Wilver Dornell Stargell

(March 6, 1940 – April 9, 2001)

He made history in 1979 by winning the MVP award in the NLCS, World Series, and National League. No player has achieved the fete.

“Pops”

He was an American professional baseball left fielder and first baseman who spent all of his 21 seasons in Major League Baseball (MLB) (1962–1982) with the Pittsburgh Pirates. Among the most feared power hitters in baseball history, Stargell had the most home runs (296) of any player in the 1970s decade. During his career, he batted .282 with 2,232 hits, 1,194 runs, 423 doubles, 475 home runs, and 1,540 runs batted in, helping his team win six National League (NL) East division titles, two NL pennants, and two World Series championships in 1971 and 1979, both over the Baltimore Orioles. Stargell was a seven-time All-Star and two-time NL home run leader. In 1979, he became the first and currently only player to win the NL Most Valuable Player (MVP) Award, the NL Championship Series MVP Award and the World Series MVP Award in one season. In 1982, the Pirates retired his uniform number 8. He was inducted into the Baseball Hall of Fame in 1988.

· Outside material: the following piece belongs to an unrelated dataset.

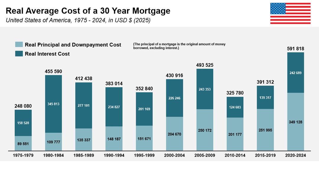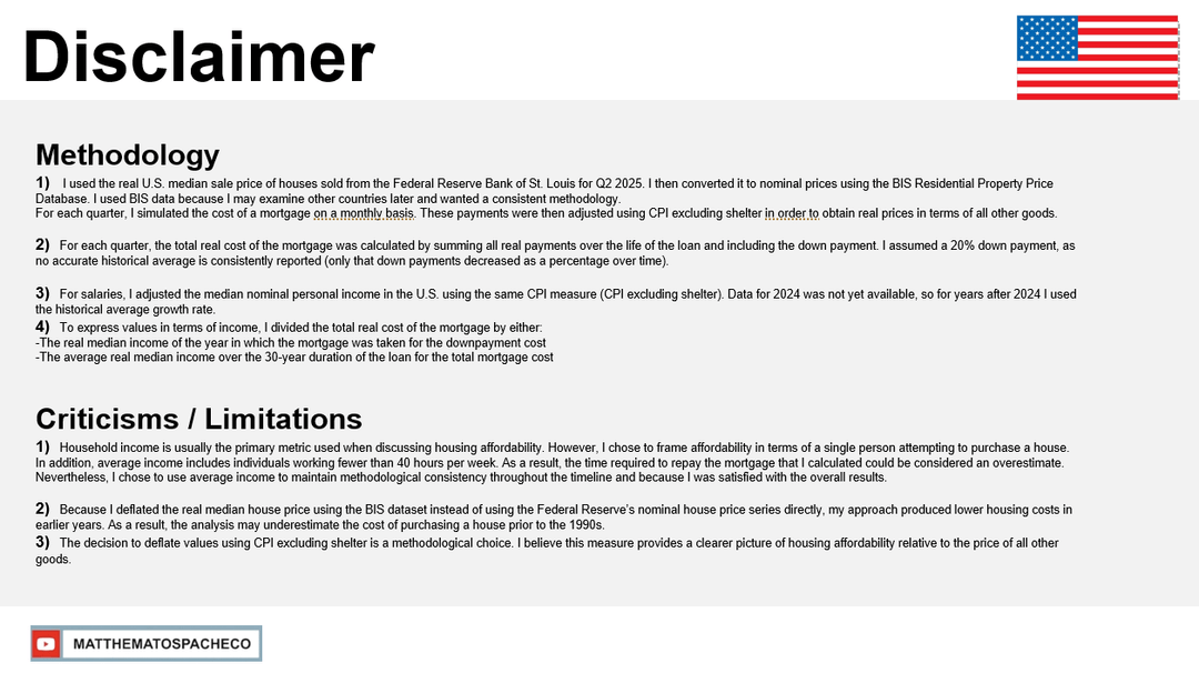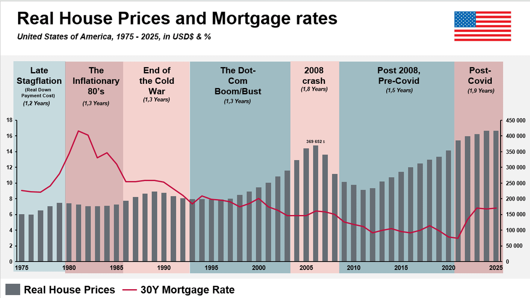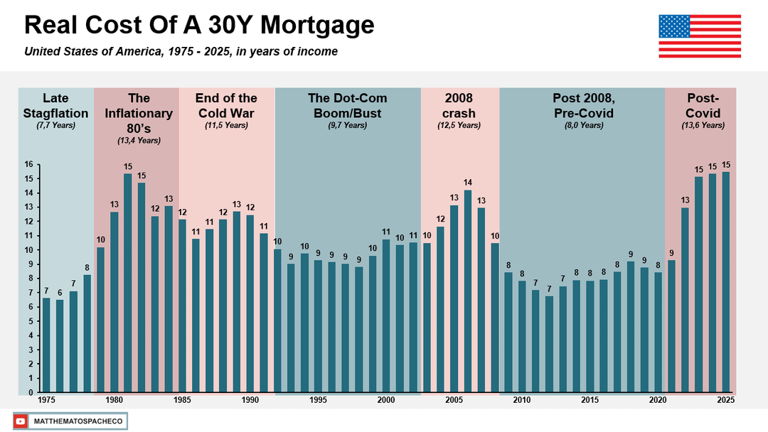 Basically this is the cost of a 30 year mortgage of the "typical housing stock" (BIS Dataset) if every payment was deflated based on the year of the payment. The time periods are personal choices that I found fit the data well, meant to situate the viewer, other events like S&L crisis, could of been used or even a year or to adjusted like 2021.

After years of suffering from a kidney disorder, he died of complications related to a stroke in Wilmington, North Carolina, on April 9, 2001. In his later life, Stargell had also suffered from hypertension and heart failure. A segment of Stargell’s bowel was removed more than two years before he died. He had been in the hospital recovering from gallbladder surgery at the time of his death. On April 7, 2001, two days before Stargell died, a larger-than-life statue of him was unveiled at the Pirates’ new stadium, PNC Park, as part of the opening-day ceremonies. As his death occurred on the same day as the official opening of the stadium against the Reds, the statue served as a de facto memorial for Stargell.

HIS LEGACY

The Pirates retired his number 8 on September 6, 1982. In 1999, he ranked 81st on The Sporting News list of the 100 Greatest Baseball Players,and was also nominated as a finalist for the MLB All-Century Team. He threw out the ceremonial first pitch at the 1994 Major League Baseball All-Star Game. Stargell also threw out the ceremonial last pitch at Three Rivers Stadium before the team’s move after the 2000 season.

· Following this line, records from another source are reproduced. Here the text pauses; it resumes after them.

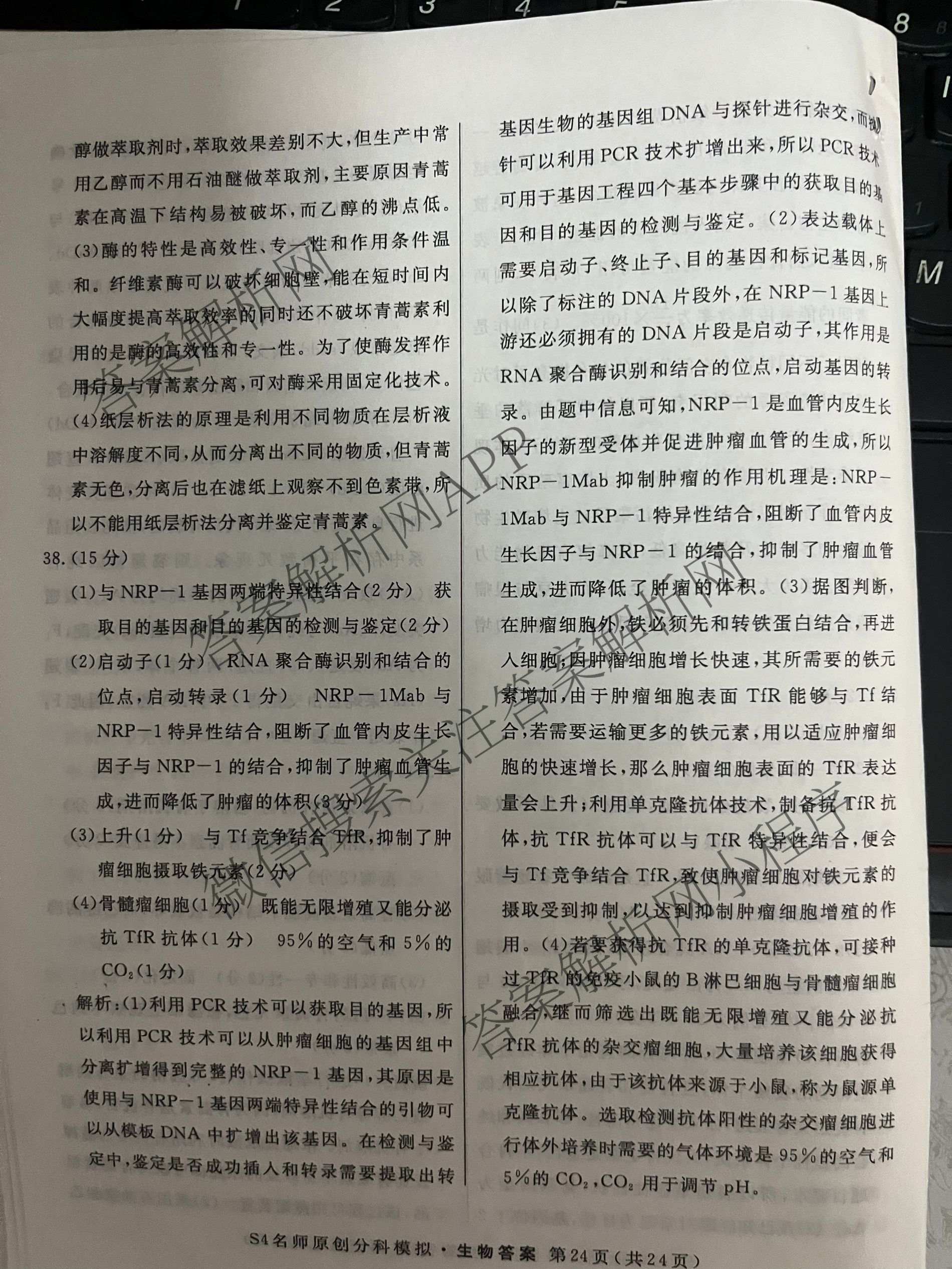 - 2024届[高三]总复习名师原创分科模拟 生物(S4)(六)6答案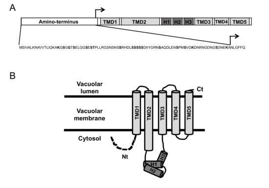 Opposite to animals, yeast cells do not express ferritin; instead they accumulate iron in the vacuole for detoxification and storage purposes [7]. Iron can enter yeast vacuoles by endocytosis and via Ccc1, a protein that localizes to the vacuolar membrane and transports iron into its lumen [8,9]. Since yeast cells cannot excrete iron, Ccc1 constitutes the main yeast iron detoxification and resistance factor. Thus, yeast cells lacking CCC1 (ccc1Δ mutants) are highly sensitive to elevated levels of environmental iron [8,10]. With the exception of animals, Ccc1 homologs are present in many organisms, including bacteria, protists, fungi, and plants, where they are denoted VIT1 proteins (reviewed in [11]). The resolution of the crystal structure of Eucalyptus grandis VIT1 ortholog (EgVIT1) made possible the identification of essential and conserved motifs required for metal transport, as well as other species-specific domains [11,12]. According to EgVIT1 structure and protein alignments, Ccc1/VIT1 proteins, including yeast Ccc1, possess five transmembrane domains (TMDs), a metal-binding loop containing three alpha helixes (H1–H3) between TMD2 and TMD3 that faces the cytosol, a cytosolic amino-terminal (Nt) region, and a vacuolar carboxyl terminus (Figure 1) [12]. Structure-function data in EgVIT1 also suggest that Ccc1/VIT1 proteins dimerize and function as H+ antiporters for Fe2+ [12]. The Ccc1/VIT1 cytosolic Nt domain is not conserved and displays different properties depending on the species [11]. Yeast possesses a cytosolic Ccc1 Nt with serine and lysine residues that have been identified in proteomic studies as phosphorylated and ubiquitylated, respectively [13,14]. Moreover, Malaysian wild S. cerevisiae strains harboring a mutation in their Nt region (G22R) are sensitive to high iron concentrations [15]. Thus, although according to conservation features the Nt domain of yeast Ccc1 seems dispensable, it may be important for regulatory functions.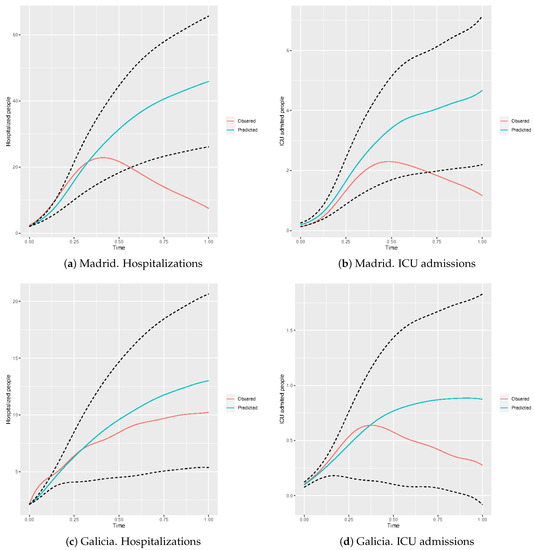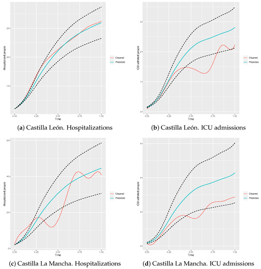 The obtained predictions can be considered as an imputation of the real behaviour of these curves in the observation period if the mode of data communication did not change. Thus, in Castilla La Mancha on 27 April 8464, people were reported as hospitalized and the imputation provided by the model is 9062 cases; in Castilla León, 7777 versus 7658; in Galicia, 2758 versus 3511; in Madrid, 5039 versus 30,587. For ICU admissions, the differences between the registered and imputed cases are, again, evident. It can be seen that, in Castilla La Mancha on 27 April, 584 people were registered as admitted in ICU and the model gives an estimation of 871; in Castilla León, 522 versus 674; in Galicia, 73 versus 236; in Madrid, 780 versus 3111.

After Stargell died, Joe Morgan said, “When I played, there were 600 baseball players, and 599 of them loved Willie Stargell. He’s the only guy I could have said that about. He never made anybody look bad and he never said anything bad about anybody.”

The Willie Stargell Foundation was established to promote research and treatment for kidney disease. Champion Enterprises sponsors a Willie Stargell Memorial Awards Banquet which raises money for disadvantaged children in Pittsburgh.

Stargell also worked to raise awareness of sickle cell anemia. He formed the Black Athletes Foundation (BAF) shortly after President Richard M. Nixon identified the disease as a “national health problem” in the early 1970s. For a decade, BAF, renamed the Willie Stargell Foundation, raised research money and public awareness about the disease. Starting in 1981, sickle cell awareness and fundraising was gradually being assumed by The Sickle Cell Society Inc. The Willie Stargell Foundation transitioned to raising money for treatment of and research into kidney disease.

Wilver “Willie” Stargell Avenue (formerly Tinker Avenue) is a major thoroughfare in his adolescent home of Alameda, California, connecting to the former Naval Air Station Alameda, and Stargell is honored with a plaque and plaza at its intersection with Fifth Street.